Incidentally, the CDC says that the 2009 H1N1 pandemic, in the twelve months after April 2009, produced “60.8 million cases (range: 43.3-89.3 million), 274,304 hospitalizations (range: 195,086-402,719), and 12,469 deaths (range: 8868-18,306) in the United States“; the CDC’s worldwide death estimate was: “151,700-575,400”. There was no worldwide lock-down for that. But the curious reaction to COVID-19 is another story and so is the explanation why there is such a huge range in estimates. My story is about the humble mask and the West’s reputation for competence.

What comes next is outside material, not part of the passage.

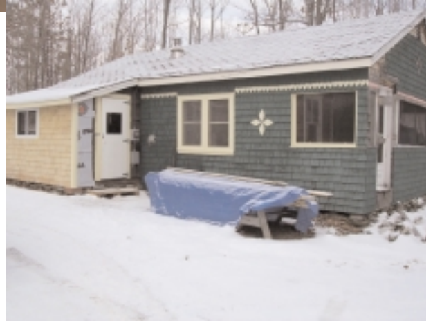
Photos from the new Guest Cottage
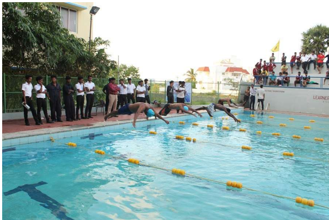
Training on Swimming (Life skills -Physical Fitness)

The CDC was competent in 2009, as its account of its response to the discovery of the sickness shows. What we see today is far from competent and, in this respect, I recommend reading Stephen Walt’s essay The Death of American Competence. As he rightly points out, one of the pillars of American power was “an image of the United States as a place where people knew how to set ambitious goals and bring them successfully to fruition.” He speculates on the reasons for the decline, suggests several, but he knows it has been a long development. For centuries the West has been the place where things worked, where everything was invented, from where the world was run. Yes the West had its values which had their attractiveness – and one must never forget its tremendous killing power – but a large part of its mojo came from its reputation for getting it right. They say that the West’s military omnipotence took a hit from which it never recovered when the Japanese swiftly threw European power out of the Far East; I think its reputation for competence will take a fatal hit from COVID-19.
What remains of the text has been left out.